**Work required**
After removing every image, reproduce the data exactly as it appears.

**Data excerpt**
● ● ● ●

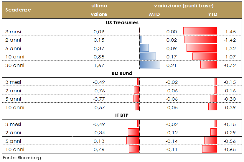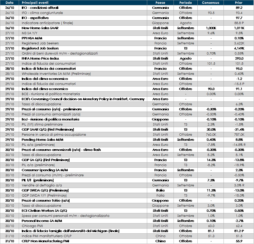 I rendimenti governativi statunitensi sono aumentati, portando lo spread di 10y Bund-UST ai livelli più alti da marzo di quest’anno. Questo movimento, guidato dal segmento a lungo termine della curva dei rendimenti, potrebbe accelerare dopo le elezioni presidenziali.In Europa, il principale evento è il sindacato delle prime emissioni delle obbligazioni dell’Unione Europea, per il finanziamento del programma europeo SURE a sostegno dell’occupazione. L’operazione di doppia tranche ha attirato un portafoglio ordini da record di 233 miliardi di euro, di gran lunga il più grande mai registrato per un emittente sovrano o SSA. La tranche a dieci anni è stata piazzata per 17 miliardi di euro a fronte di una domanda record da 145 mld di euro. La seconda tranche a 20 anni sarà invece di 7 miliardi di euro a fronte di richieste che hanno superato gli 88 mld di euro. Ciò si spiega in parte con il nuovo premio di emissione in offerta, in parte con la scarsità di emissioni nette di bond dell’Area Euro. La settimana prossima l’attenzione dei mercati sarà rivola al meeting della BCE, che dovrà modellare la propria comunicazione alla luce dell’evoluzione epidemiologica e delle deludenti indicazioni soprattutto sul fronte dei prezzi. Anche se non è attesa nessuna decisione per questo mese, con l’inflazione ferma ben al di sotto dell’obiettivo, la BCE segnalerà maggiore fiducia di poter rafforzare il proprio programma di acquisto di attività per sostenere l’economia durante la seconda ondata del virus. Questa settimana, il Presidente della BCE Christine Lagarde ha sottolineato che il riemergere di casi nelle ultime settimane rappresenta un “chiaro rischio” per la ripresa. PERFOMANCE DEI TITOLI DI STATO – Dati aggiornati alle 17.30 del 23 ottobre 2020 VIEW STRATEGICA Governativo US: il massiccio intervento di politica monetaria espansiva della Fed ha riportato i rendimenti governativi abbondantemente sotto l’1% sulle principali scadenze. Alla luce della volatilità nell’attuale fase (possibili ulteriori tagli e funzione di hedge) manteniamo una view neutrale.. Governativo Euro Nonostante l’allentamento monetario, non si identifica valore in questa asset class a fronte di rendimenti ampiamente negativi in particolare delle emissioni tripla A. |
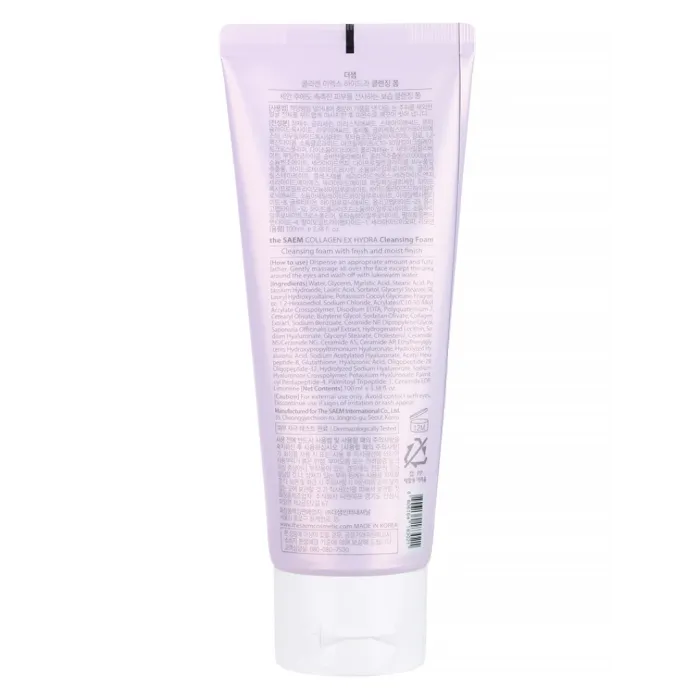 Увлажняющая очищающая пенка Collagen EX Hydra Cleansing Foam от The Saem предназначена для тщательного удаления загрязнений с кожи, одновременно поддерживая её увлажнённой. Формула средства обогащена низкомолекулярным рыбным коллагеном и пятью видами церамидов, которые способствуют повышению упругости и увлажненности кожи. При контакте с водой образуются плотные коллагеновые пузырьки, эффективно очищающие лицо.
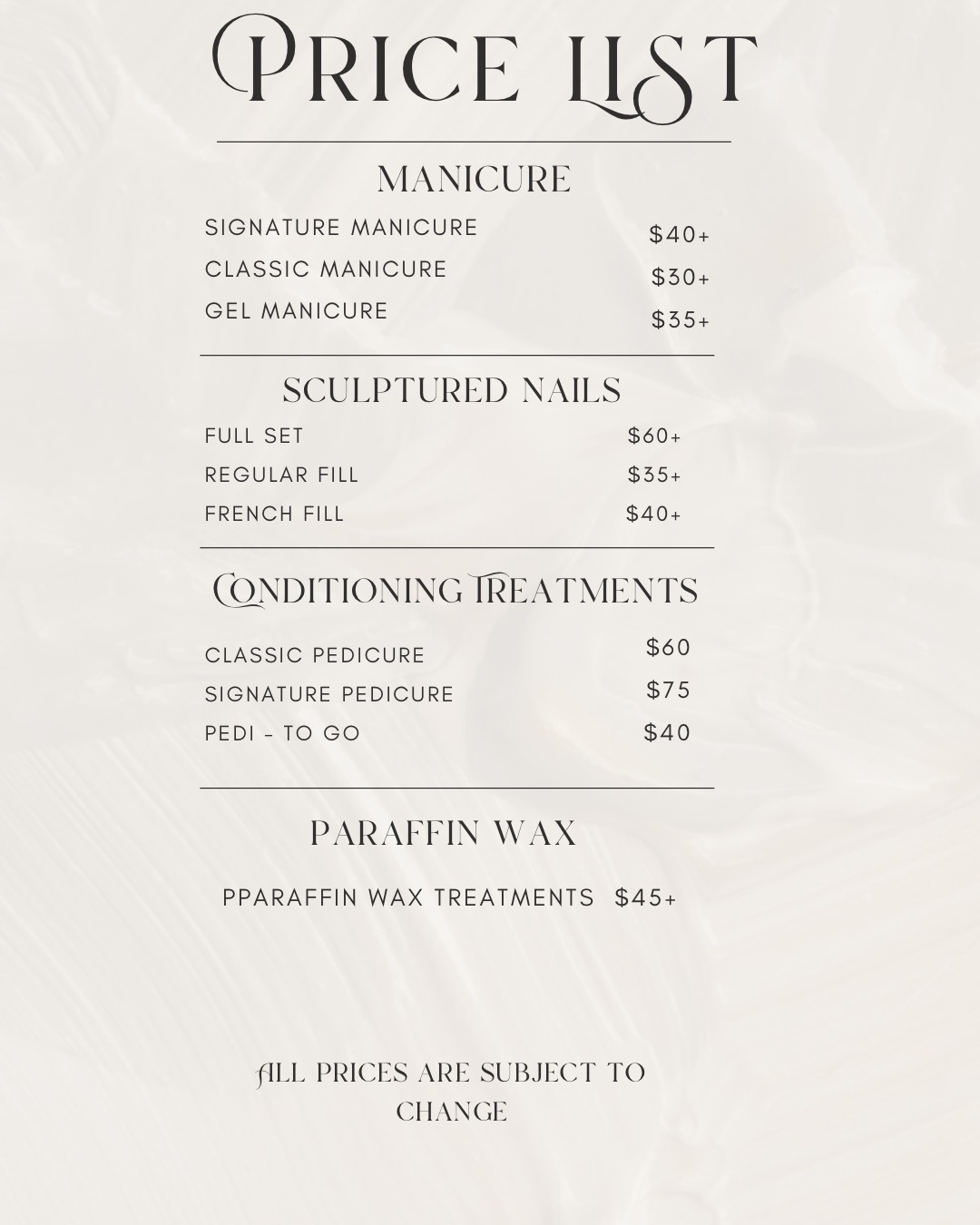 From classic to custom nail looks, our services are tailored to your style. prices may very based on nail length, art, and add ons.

● ● ● ●

**Solution to the problem**
 I rendimenti governativi statunitensi sono aumentati, portando lo spread di 10y Bund-UST ai livelli più alti da marzo di quest’anno. Questo movimento, guidato dal segmento a lungo termine della curva dei rendimenti, potrebbe accelerare dopo le elezioni presidenziali.In Europa, il principale evento è il sindacato delle prime emissioni delle obbligazioni dell’Unione Europea, per il finanziamento del programma europeo SURE a sostegno dell’occupazione. L’operazione di doppia tranche ha attirato un portafoglio ordini da record di 233 miliardi di euro, di gran lunga il più grande mai registrato per un emittente sovrano o SSA. La tranche a dieci anni è stata piazzata per 17 miliardi di euro a fronte di una domanda record da 145 mld di euro. La seconda tranche a 20 anni sarà invece di 7 miliardi di euro a fronte di richieste che hanno superato gli 88 mld di euro. Ciò si spiega in parte con il nuovo premio di emissione in offerta, in parte con la scarsità di emissioni nette di bond dell’Area Euro. La settimana prossima l’attenzione dei mercati sarà rivola al meeting della BCE, che dovrà modellare la propria comunicazione alla luce dell’evoluzione epidemiologica e delle deludenti indicazioni soprattutto sul fronte dei prezzi. Anche se non è attesa nessuna decisione per questo mese, con l’inflazione ferma ben al di sotto dell’obiettivo, la BCE segnalerà maggiore fiducia di poter rafforzare il proprio programma di acquisto di attività per sostenere l’economia durante la seconda ondata del virus. Questa settimana, il Presidente della BCE Christine Lagarde ha sottolineato che il riemergere di casi nelle ultime settimane rappresenta un “chiaro rischio” per la ripresa. PERFOMANCE DEI TITOLI DI STATO – Dati aggiornati alle 17.30 del 23 ottobre 2020 VIEW STRATEGICA Governativo US: il massiccio intervento di politica monetaria espansiva della Fed ha riportato i rendimenti governativi abbondantemente sotto l’1% sulle principali scadenze. Alla luce della volatilità nell’attuale fase (possibili ulteriori tagli e funzione di hedge) manteniamo una view neutrale.. Governativo Euro Nonostante l’allentamento monetario, non si identifica valore in questa asset class a fronte di rendimenti ampiamente negativi in particolare delle emissioni tripla A. |
 Увлажняющая очищающая пенка Collagen EX Hydra Cleansing Foam от The Saem предназначена для тщательного удаления загрязнений с кожи, одновременно поддерживая её увлажнённой. Формула средства обогащена низкомолекулярным рыбным коллагеном и пятью видами церамидов, которые способствуют повышению упругости и увлажненности кожи. При контакте с водой образуются плотные коллагеновые пузырьки, эффективно очищающие лицо.
 From classic to custom nail looks, our services are tailored to your style. prices may very based on nail length, art, and add ons.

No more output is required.